A series of drawings reveals how Backer sat next to Govaert Flinck and Jacob van Loo making “academy figures”, studies from the nude. He probably thought out historical narratives in advance and drew his models in appropriate poses. This method seems to underlie the painting Venus, Adonis, and Amor (Fulda) and the monumental Diana and her Nymphs (St. Petersburg). The latter work, now recognized as a Backer, is the master’s tribute to no one less than Titian, improving wittily on the image tradition. The painting shows Diana’s naked back close at hand. We, the viewers, are put in Actaeon’s position: the goddess is about to turn her head. In a second, she will discover our presence and set her dogs on us.

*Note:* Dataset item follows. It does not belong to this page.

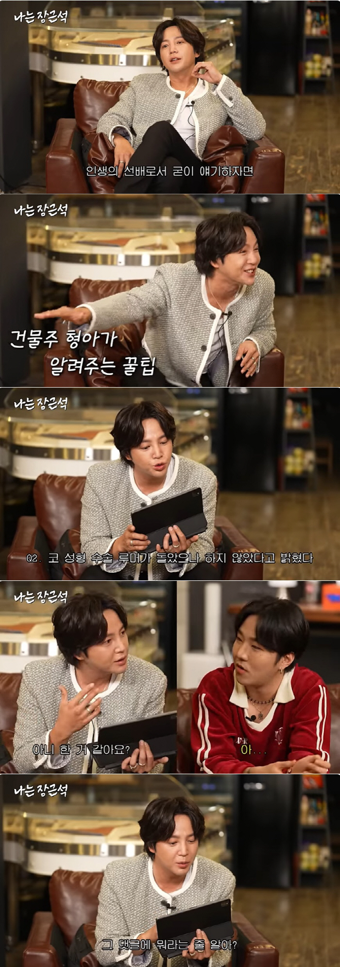 장근석은 비오 역시 코 성형수술 루머가 있었다는 이야기에 "나랑 공통점이 있다"고 반가워했다. 비오는 "제가 디스전 때 상대방이 저를 디스하는 가사에 코 실리콘을 빼라더라. 안 했는데 그런 말을 해서 기정사실화 됐다"고 황당해했다. 장근석은 "나도 비오 나이 때 코 수술을 그렇게 많이 했다더라. 한 거 같아 보이냐. 안 했다"며 "댓글에 성형외과 가서 장근석이 코 했는지 안 했는지를 찍어보라더라"라고 어이없어했다.

Backer, a “good colorist”, “understood well how to make a good nude”, to quote his Antwerp colleague Jean Meyssens. Lively brushwork, especially in representing flesh, was probably his main asset. Van den Brink’s detailed analysis relishes the artist’s joie de peindre. It is unlikely that Backer used assistants since he had such a swift brush. (Yet, one is sometimes reminded of Michelangelo’s retort, when Vasari boasted about finishing his work so quickly: “So it appears!”) A contemporary reported that one could arrive in Backer’s studio and have one’s portrait done, including the hands, collar, and fur, on the same day. A catalogue entry by Michiel Franken suggests that this report was more than an anecdote, analyzing how precise wet-in-wet brushstrokes exploit the ochre ground for the middle tones. One of Backer’s finest works, however, does not display such bravura but depicts a woman in elaborate dress as a pensive Muse Euterpe. Due to its “unparalleled evocation of swishing satin,” the portrait is among the most beautiful of the Dutch Golden Age, as Bob van den Boogert concludes.
The book adequately reconstructs why Backer’s contemporaries held him in such esteem. It is therefore an important contribution to our knowledge of one of the most exciting decades for history painting in Amsterdam, the 1640s.
Backer’s works must have made an impact on his pupils in particular, including Jan van Noordt, and colleagues such as Flinck and Ferdinand Bol. This realization opens up avenues for further research, which is highly desireable if only for further nuancing such a contested notion as ‘Dutch classicism.’